#### Task inputs
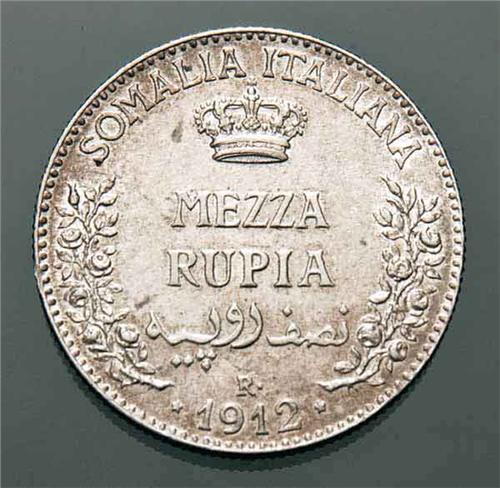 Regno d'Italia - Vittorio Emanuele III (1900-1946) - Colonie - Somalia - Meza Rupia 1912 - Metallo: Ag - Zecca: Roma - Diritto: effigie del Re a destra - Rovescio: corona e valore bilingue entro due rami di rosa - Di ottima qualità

==

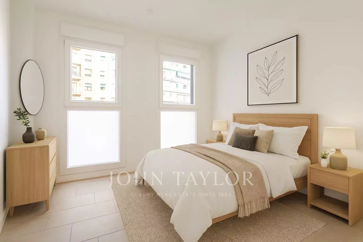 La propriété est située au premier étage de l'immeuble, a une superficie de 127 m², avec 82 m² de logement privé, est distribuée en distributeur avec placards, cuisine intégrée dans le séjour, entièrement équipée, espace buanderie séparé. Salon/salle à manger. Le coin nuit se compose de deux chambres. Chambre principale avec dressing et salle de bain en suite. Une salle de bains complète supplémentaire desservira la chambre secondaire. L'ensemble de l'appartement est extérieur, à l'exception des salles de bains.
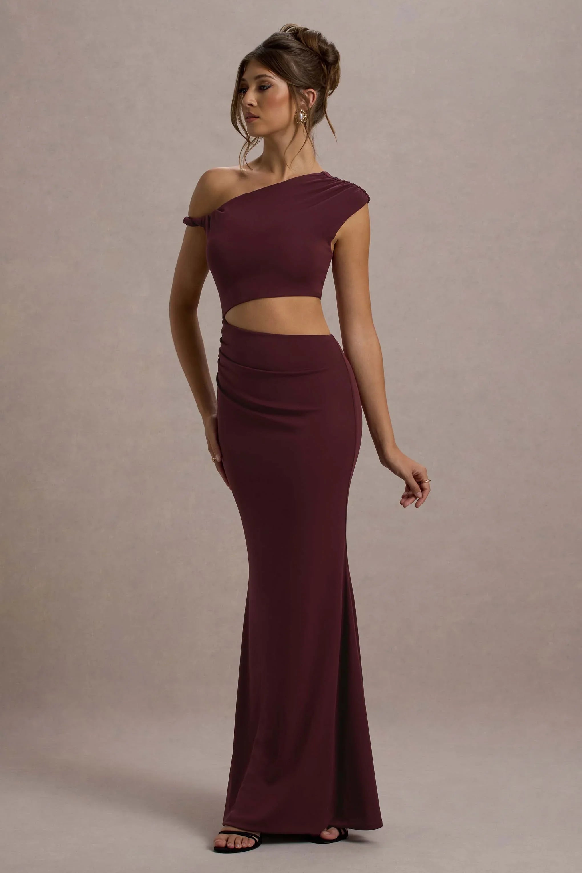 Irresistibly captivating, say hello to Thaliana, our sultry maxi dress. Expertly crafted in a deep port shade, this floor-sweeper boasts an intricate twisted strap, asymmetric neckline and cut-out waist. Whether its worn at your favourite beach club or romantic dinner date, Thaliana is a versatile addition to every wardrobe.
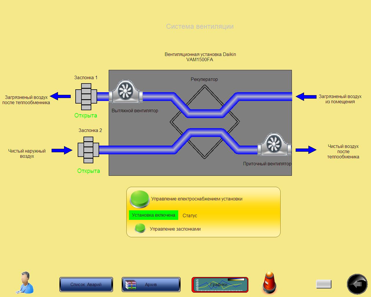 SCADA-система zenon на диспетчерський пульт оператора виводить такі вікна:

---

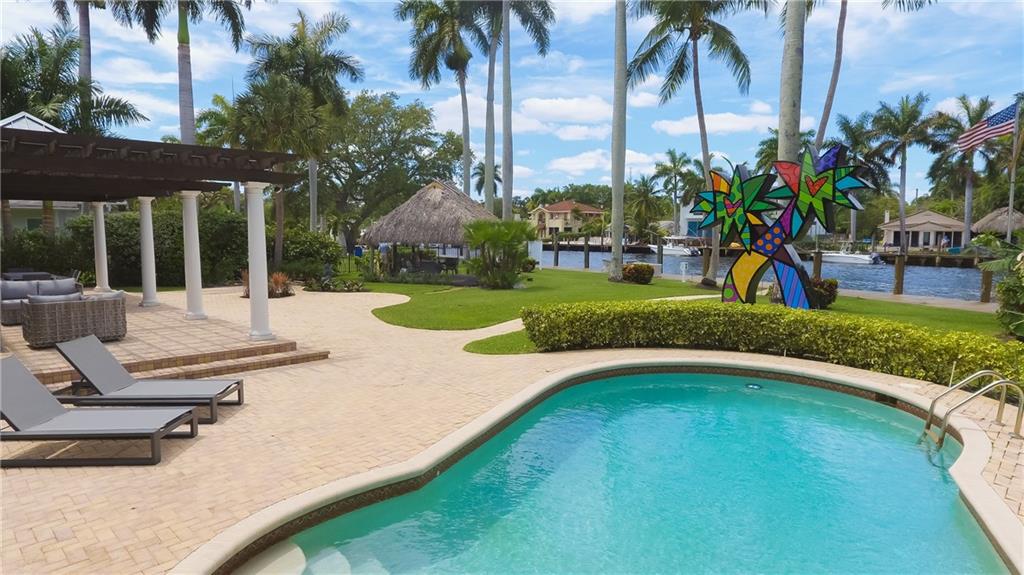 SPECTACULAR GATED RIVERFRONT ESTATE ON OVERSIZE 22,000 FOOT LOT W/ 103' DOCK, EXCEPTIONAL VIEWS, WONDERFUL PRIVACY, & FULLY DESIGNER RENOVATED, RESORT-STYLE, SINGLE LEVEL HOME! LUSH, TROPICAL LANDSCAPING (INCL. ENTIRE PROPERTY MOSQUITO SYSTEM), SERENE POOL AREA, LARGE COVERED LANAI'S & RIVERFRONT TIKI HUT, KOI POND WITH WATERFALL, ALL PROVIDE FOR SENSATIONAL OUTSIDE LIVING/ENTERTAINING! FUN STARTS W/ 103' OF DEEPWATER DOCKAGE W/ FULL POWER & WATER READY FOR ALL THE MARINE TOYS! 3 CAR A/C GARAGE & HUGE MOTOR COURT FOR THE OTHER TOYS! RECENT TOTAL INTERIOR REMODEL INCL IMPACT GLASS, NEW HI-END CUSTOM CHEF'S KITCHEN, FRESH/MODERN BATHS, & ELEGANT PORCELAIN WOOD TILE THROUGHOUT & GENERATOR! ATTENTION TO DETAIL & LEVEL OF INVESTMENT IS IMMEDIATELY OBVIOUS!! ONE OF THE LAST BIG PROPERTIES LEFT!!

#### Instructions to follow
With pictures omitted, repeat the entries above word for word from the line holding "Irresistibly captivating, say" down to the line holding "SCADA-система zenon на", keeping both of those lines.

#### Solution to this problem
 Irresistibly captivating, say hello to Thaliana, our sultry maxi dress. Expertly crafted in a deep port shade, this floor-sweeper boasts an intricate twisted strap, asymmetric neckline and cut-out waist. Whether its worn at your favourite beach club or romantic dinner date, Thaliana is a versatile addition to every wardrobe.
 SCADA-система zenon на диспетчерський пульт оператора виводить такі вікна:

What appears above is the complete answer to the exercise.